I wouldn't recommend using threading in general, as there is many python object that are not threadsafe such as numpy and pandas so I would recommend knowing what you're doing as well as using Mutex locks.
Also, using threading might add some GIL issues.
In time of doubts I would recommend using multiple dora python nodes.
I would recommend trying:
CAMERA_INDEX = int(os.getenv("CAMERA_INDEX", 0))
CAMERA_WIDTH = 640
CAMERA_HEIGHT = 480
video_capture = cv2.VideoCapture(CAMERA_INDEX)
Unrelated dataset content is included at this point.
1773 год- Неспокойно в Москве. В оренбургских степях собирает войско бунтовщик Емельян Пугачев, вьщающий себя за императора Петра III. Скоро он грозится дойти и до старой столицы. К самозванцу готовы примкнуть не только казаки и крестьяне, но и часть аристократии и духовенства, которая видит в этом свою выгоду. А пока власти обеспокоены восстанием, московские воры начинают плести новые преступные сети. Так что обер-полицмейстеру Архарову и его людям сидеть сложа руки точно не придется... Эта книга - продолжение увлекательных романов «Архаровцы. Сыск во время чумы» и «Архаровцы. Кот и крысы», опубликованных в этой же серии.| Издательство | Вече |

font = cv2.FONT_HERSHEY_SIMPLEX
start = time.time()
import threading
class Operator:
def __init__(self) -> None:
self.frame = None
self.stop_thread = False
self.video_thread = None
def capture_video(self, event, send_output):
start = time.time()
while not self.stop_thread and time.time() - start < 50:
ret, frame = video_capture.read()
if not ret:
frame = np.zeros((CAMERA_HEIGHT, CAMERA_WIDTH, 3), dtype=np.uint8)
cv2.putText(
frame,
"No Webcam was found at index %d" % (CAMERA_INDEX),
(int(30), int(30)),
font,
0.75,
(255, 255, 255),
2,
1,
)
self.frame = frame
# Wait next dora_input
event_type = event["type"]
if event_type == "INPUT":
if self.frame is not None:
try:
send_output(
"image",
cv2.imencode(".jpg", self.frame)[1].tobytes(),
event["metadata"],
)
except Exception as e:
print(f"Failed to send output: {e}")
elif event_type == "STOP":
self.stop_thread = True
break
else:
print("received unexpected event:", event_type)
break
video_capture.release()
def on_event(
self,
event,
send_output,
) -> DoraStatus:
# Start video capture in a separate thread if not already running
if self.video_thread is None or not self.video_thread.is_alive():
self.video_thread = threading.Thread(target=self.capture_video, args=(event, send_output))
self.video_thread.start()
return DoraStatus.CONTINUE # Continue processing events
op = Op()
while True:
op.on_event({"type": "INPUT"}, print)
This run without dora, and is equal to the overhead of the threading mecanism
Thanks. The above thread code started ok after i reboot PC. I am trying to explore the ROS Multi-Threaded Executor scenario usage in DORA. Some third party existing module are provided as it is and needed to be as threaded env with multiple callbacks (=callbackgroup in ROS). Anyway this is not a high priority. If needed threading model in dora customer can still achieve with the python native thread but with own risk.